Они выпили. Закружило васильковым ромашковым хороводом голову Номаха. Пошел обниматься со своими братьями. Каждого поцеловал троекратно, каждого сжал в объятьях, чтобы почувствовать твердость плеч и крепость рук, и только тогда сел на лавку, качая удивленно головой и глядя распахнутыми глазами на товарищей.
— Ах вы черти. Люблю вас.
Ему наливали снова, он чокался со своими побратимами, с которыми пролил столько крови, что она на годы окрасила багровым Днепр. Он смотрел на них и не мог насмотреться.
— Братья… Живые… — повторял он.
— Батька… — отвечали те.
И, выходя покурить на крыльцо, они прикуривали от солнца и зазывно махали руками проходящим мимо, свежим, как яблоки в соку, девчатам, звали приходить вечером на гулянку. Те смеялись в ответ.

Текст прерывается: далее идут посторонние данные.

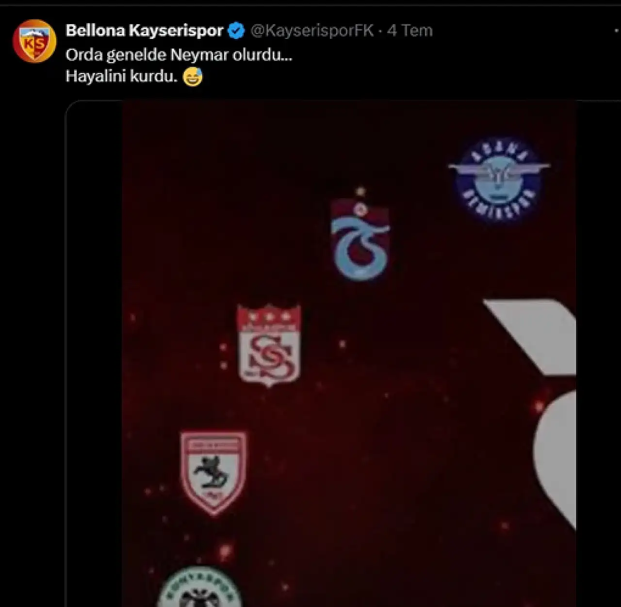Paylaşılan videoda Sivasspor logosuna doğru yaklaşan bir kadraj ve arka planda spor spikeri Ertem Şener’in yıllar önce bir maçta söylediği ve akım haline gelen ‘Orada Neymar olurdu’ sözleri yer aldı. Kayserispor ise yaptığı paylaşımda, ‘Orada genelde Neymar olurdu… Hayalini kurdu.’ ifadelerini kullandı.
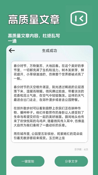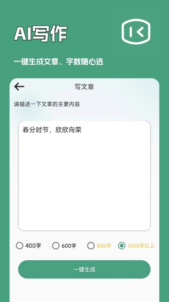一键文章生成器是一款集成了AI语言模型的应用程序,旨在帮助用户进行诗歌创作、解惑、出题,并提供聊天功能。不论您需要写作、学习、娱乐,抑或寻求智能化语言交流,这款应用都能满足您的需求。作为一个AI智能模型,与其互动可以带来更多灵感和启发,有助于提升思维和创造力。一键文章生成器APP提供全面的在线文章生成功能,包括各种写作模式和模板,涵盖作文、检讨、公文等内容。用户可以轻松体验智能的写作体验、大纲设计以及创作手段,同时享受智能角色设计带来的乐趣。

Пчелы летали вокруг них, несли полные «корзинки» пыльцы. Садились на плечи, мазали руки нектаром, путались в волосах. Номаховцы легкими осторожными движениями выпутывали их, нетерпеливо жужжащих.
Щусь, кривляясь, посадил пчелу на нос и вдруг серьезно посмотрел на батьку.
— Мир, Нестор. Видишь, какой он может быть, мир?
— Вижу, Федос.
Щусь пересадил пчелу на кончик пальца, сказал ей:
— Я хоть и бывший, а все ж командир. Не к лицу мне с тобой на носу…
Номах огляделся вокруг.
Ползли по далеким полям комбайны, собирали урожай.
— Получилось-таки, Нестор.
— Получилось. Лучше, чем думали, получилось. Как в стихах у Есенина вышло. «Инония»…
— Даже не верится.
А потом всю ночь играла гармошка, и голоса, стройные, как тополя, выводили мелодии песен.
И смеялись девчата, и обнимали их и живые, и давно погибшие номаховцы. И целовал чьи-то губы Номах, и качала его ночь, вольная и жаркая.
А потом гуляли они по степи до самого света и было им так хорошо, как только может быть, когда тебе нет еще и тридцати, пусть у тебя за плечами и тюрьма, и кровь виновных и невиновных, и много, ужасно много смертей…
— Вставай, батька, — разбудили его.
Номах открыл глаза, еще полные сонной нездешней радостью, и услышал:
— Большевики объявили тебя вне закона. Хана, батька…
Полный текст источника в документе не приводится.